• [Work required]
Once the line containing "治愈系小夜灯 拍打感应 延时关灯" is found in the entries below, reproduce it and every line after it, stopping at and including the line containing "邓国公,是中华法典的初始作者"; reproduce nothing else, and keep each line exact.
(Dataset extract)
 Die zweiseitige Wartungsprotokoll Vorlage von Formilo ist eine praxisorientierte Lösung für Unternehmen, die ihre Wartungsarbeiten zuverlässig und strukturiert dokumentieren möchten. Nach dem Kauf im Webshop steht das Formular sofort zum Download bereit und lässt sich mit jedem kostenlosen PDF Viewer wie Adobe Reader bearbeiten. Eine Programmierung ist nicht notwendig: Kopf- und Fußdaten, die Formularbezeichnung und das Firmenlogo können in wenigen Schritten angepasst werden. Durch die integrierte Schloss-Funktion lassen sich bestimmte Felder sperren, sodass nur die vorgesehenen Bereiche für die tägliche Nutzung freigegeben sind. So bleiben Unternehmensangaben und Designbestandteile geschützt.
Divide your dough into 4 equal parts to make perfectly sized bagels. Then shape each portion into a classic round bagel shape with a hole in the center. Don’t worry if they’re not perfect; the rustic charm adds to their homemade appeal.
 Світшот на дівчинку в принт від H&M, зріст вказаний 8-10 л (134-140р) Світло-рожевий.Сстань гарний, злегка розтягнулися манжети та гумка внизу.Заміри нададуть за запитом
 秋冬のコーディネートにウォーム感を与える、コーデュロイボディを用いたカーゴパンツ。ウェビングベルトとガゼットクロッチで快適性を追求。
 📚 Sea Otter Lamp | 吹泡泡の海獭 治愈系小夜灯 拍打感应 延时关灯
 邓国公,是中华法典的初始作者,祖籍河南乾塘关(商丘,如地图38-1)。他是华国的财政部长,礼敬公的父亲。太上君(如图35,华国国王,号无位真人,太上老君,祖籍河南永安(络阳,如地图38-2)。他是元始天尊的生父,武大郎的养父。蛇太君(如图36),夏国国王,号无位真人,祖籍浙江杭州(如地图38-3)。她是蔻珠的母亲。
(End Dataset extract)
(Dataset extract)
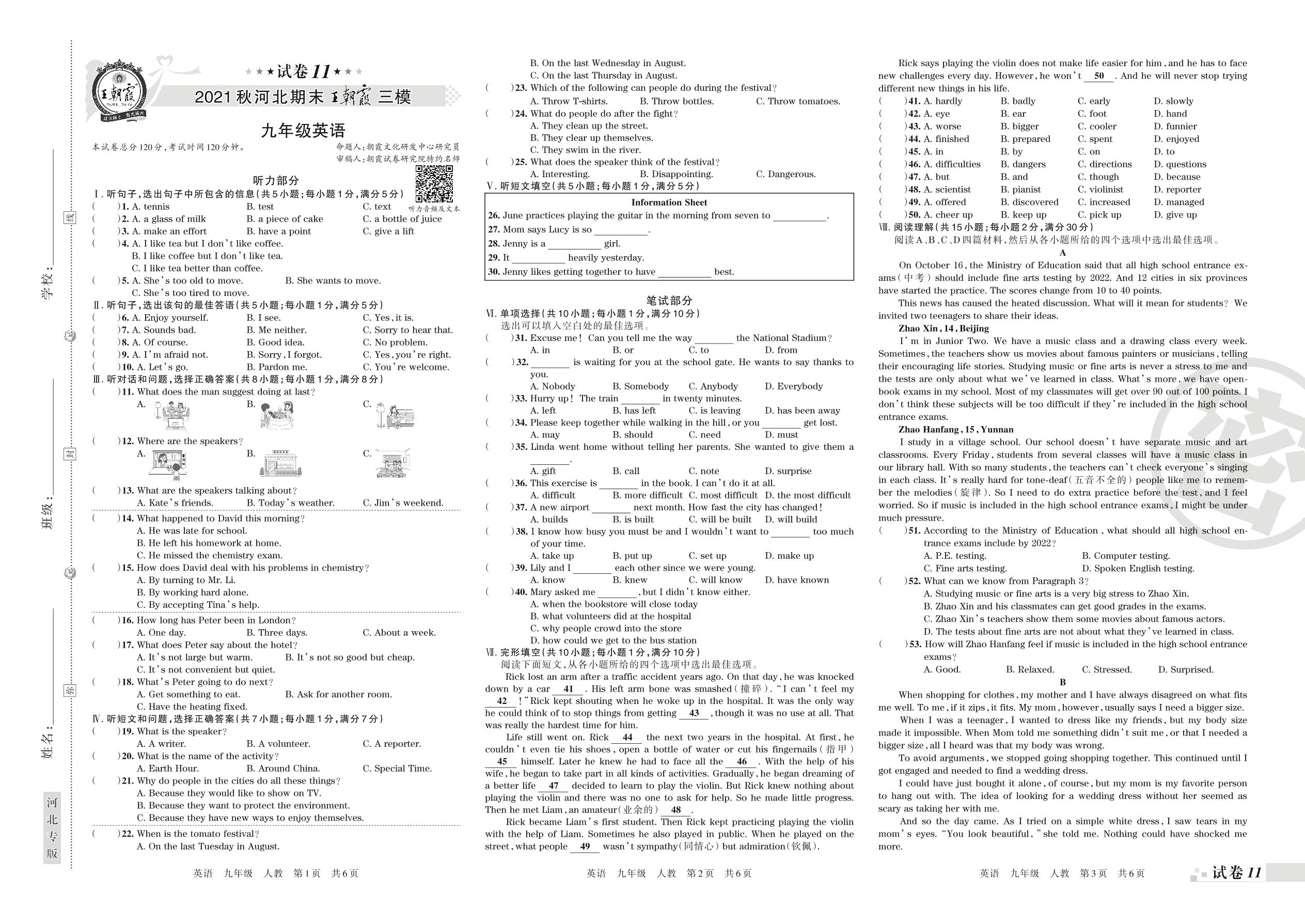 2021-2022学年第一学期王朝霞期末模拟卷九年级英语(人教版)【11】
(End Dataset extract)
• [Answer box]
 📚 Sea Otter Lamp | 吹泡泡の海獭 治愈系小夜灯 拍打感应 延时关灯
 邓国公,是中华法典的初始作者,祖籍河南乾塘关(商丘,如地图38-1)。他是华国的财政部长,礼敬公的父亲。太上君(如图35,华国国王,号无位真人,太上老君,祖籍河南永安(络阳,如地图38-2)。他是元始天尊的生父,武大郎的养父。蛇太君(如图36),夏国国王,号无位真人,祖籍浙江杭州(如地图38-3)。她是蔻珠的母亲。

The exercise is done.